Ursula von der Leyen, l’inchiesta che getta un’ombra sulla candidata Presidente della Commissione Ue

Lo scandalo riguarda l’utilizzo di consulenti esterni da parte del ministero della Difesa tedesco di cui è a capo. Anche nel caso di elezione, non sarebbe immune

C’è uno scandalo che pesa sulle spalle di Ursula von der Leyen, candidata alla presidenza della Commissione europea, anche se non pare pesare troppo sul parere degli europarlamentari che si apprestano a votarla, visto che sono soprattutto i giornali a parlarne. Ma nonostante questo, lo scandalo potrebbe comunque investirla anche dopo una sua eventuale elezione.

Consulenze facili

Così sostengono i deputati tedeschi a capo dell’inchiesta parlamentare che riguarda una serie di consulenze al ministero della Difesa tedesco di cui Ursula von der Leyen è a capo.
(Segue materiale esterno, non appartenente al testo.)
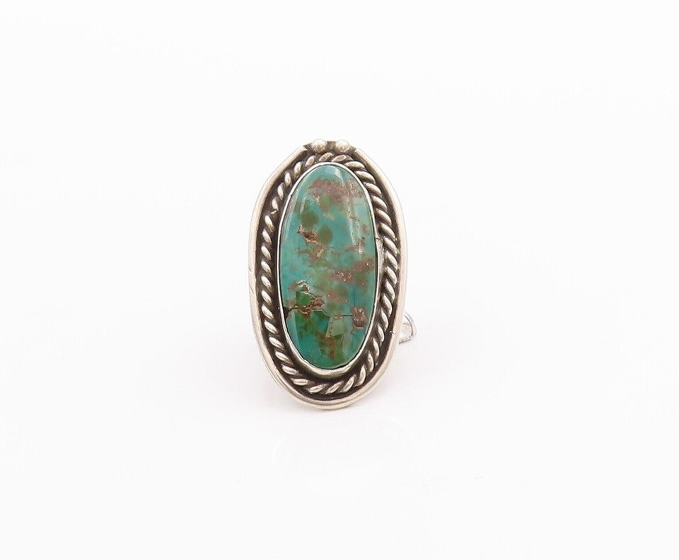 925 Sterling Silver Vintage Ring NAVAJO Oval Turquoise Halo Roped Sz 9.5 RG28610
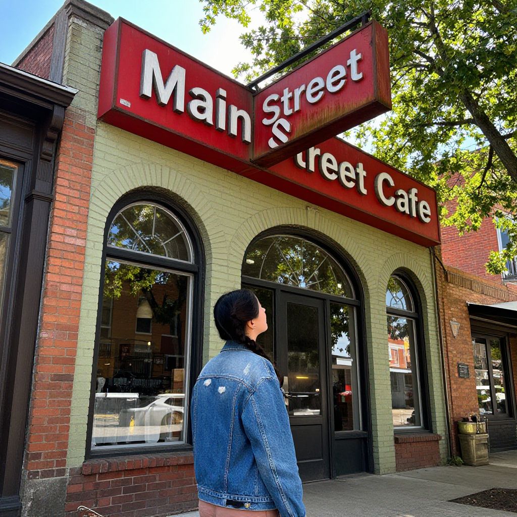 Photograph of a woman in a blue denim jacket standing outside the "Main Street Sweet Cafe" with red sign, brick building, and arched windows
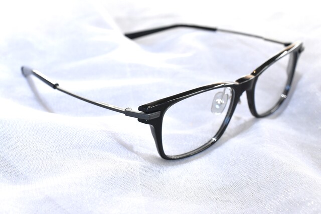 999.9-フォーナインズ「NPM-140」クリアブラック×クリアマットカラーが入荷しております。メタルとプラスチックのスマート表情を演出する王道のコンビネーションスタイルです。リムの上下に精密なカットを施し軽快な印象を作り、スクエア型のクールな印象をより高めます。
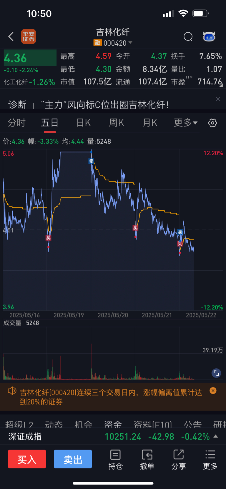 $吉林化纤(SZ000420)$ 简单做下日内T我内心还是希望能下4的

Consulenze molto redditizie che sarebbero state concesse senza i necessari controlli, in un crescendo d’influenza da parte del settore privato sul suo ministero.
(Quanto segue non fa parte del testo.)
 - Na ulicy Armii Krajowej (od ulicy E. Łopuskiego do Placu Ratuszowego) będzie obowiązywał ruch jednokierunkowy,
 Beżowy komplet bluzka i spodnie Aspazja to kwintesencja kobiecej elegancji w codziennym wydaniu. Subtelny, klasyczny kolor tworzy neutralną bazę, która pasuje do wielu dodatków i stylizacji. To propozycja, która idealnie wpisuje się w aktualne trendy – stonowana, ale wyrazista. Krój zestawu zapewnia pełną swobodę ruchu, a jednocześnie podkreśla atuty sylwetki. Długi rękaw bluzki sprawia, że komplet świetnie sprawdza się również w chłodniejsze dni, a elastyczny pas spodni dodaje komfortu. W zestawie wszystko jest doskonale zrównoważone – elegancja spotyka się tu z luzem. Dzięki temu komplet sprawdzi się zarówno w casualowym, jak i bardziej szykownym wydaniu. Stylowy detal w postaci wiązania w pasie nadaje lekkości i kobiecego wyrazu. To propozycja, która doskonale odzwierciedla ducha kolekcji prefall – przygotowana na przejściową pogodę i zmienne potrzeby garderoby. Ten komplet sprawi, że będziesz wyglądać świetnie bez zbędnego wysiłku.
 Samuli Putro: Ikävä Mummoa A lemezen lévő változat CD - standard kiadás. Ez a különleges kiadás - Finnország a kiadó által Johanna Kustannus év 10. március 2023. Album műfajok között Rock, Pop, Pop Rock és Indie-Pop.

L’accusa è che le consulenze siano state gestite in modo poco trasparente e meritocratico, affidate agli amici degli amici. Analizzando 56 su 375 contratti presso il ministero della Difesa nel periodo 2015-2016 la Corte dei Conti federale ha stabilito che nella maggioranza dei casi il ministero della difesa non ha fornito una giustificazione sufficiente, mentre in più di un terzo dei casi l’assegnazione è avvenuta in modo irregolare.

A beneficiarne sarebbe stata soprattutto la compagnia di consulenza Accenture a suon di milioni di euro. Si ipotizza che la compagnia si stata agevolata dalla rete di amicizie del manager Timo Noetzel, che vantava contatti sia al ministero che nell’esercito.

Il ruolo di Von der Leyen

Ma il ruolo di Ursula von der Leyen nello scandalo rimane incerto. Lo scorso novembre aveva ammesso che degli errori erano stati commessi nel metodo di selezione dei consulenti, senza però che ci fossero episodi di corruzione. La colpa era stata del troppo lavoro, della fretta, del tentativo di modernizzare in poco tempo il ministero del quale, quando arrivò alla guida von der Leyen nel dicembre 2013, il materiale bellico si contava ancora a mano e l’archivio era ancora cartaceo.
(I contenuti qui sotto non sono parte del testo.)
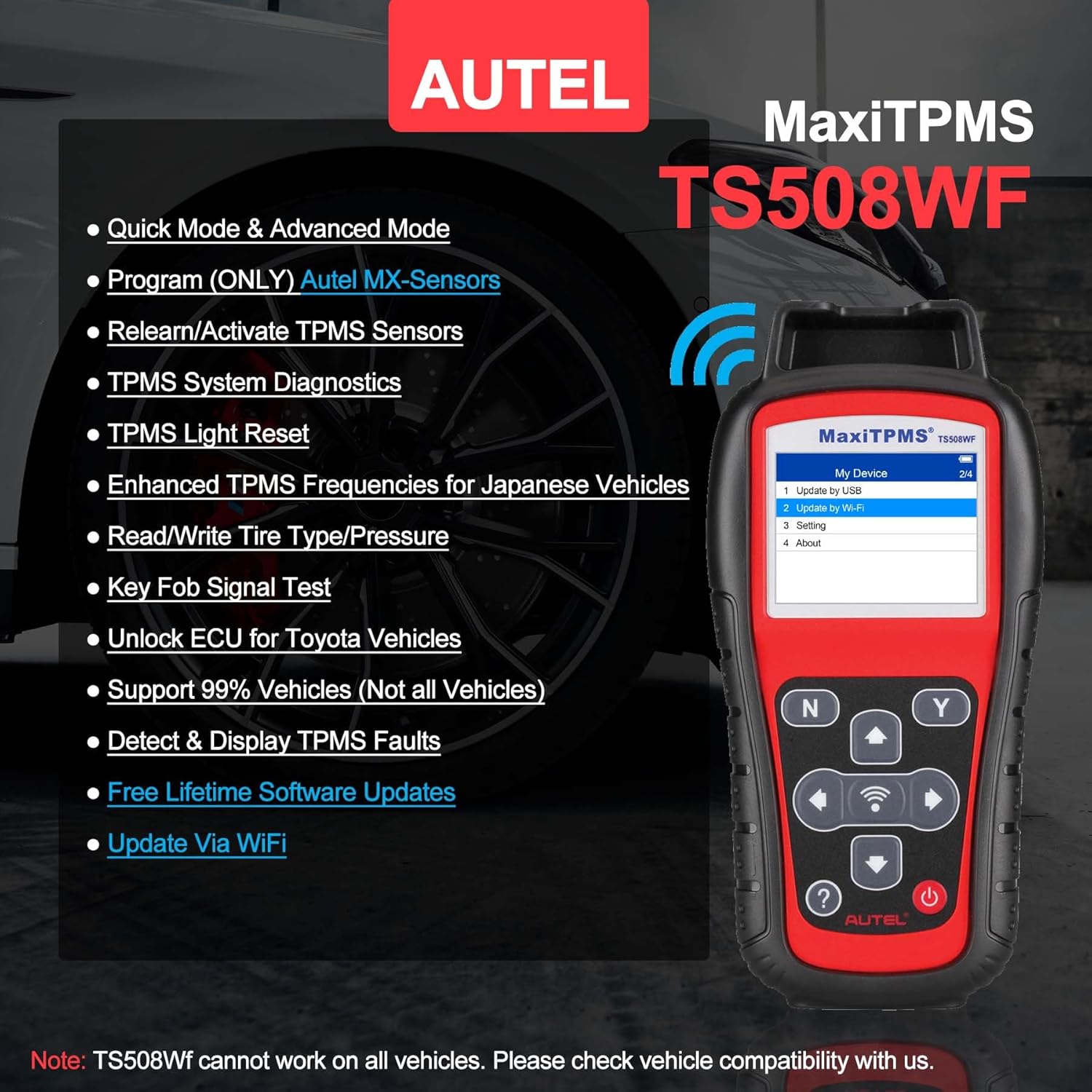 [MASTER ANY TPMS JOB] The Autel TS508WF is the all-in-one TPMS diagnostic tool for professional mechanics and DIYers. It lets you activate, read, and program sensors, perform OBD/automatic/stationary relearns, and clear fault codes. With dedicated Quick Mode for fast sensor checks and Advanced Mode for in-depth diagnostics, you save time on every tire pressure monitoring system service job.

Adesso Ursula von der Leyen sarà chiamata a testimoniare in Germania. Dovrà rispondere anche dell’accusa che l’investigazione interna avviata dal Ministero sia stata volutamente lenta e inefficace. Lo dovrà fare anche nelle vesti di Presidente della Commissione. Ma non sarebbe la prima volta: anche Jean-Claude Juncker era stato chiamato a testimoniare in un caso di spionaggio che prima del suo trasferimento a Bruxelles gli era costato il ruolo di primo ministro del Lussemburgo.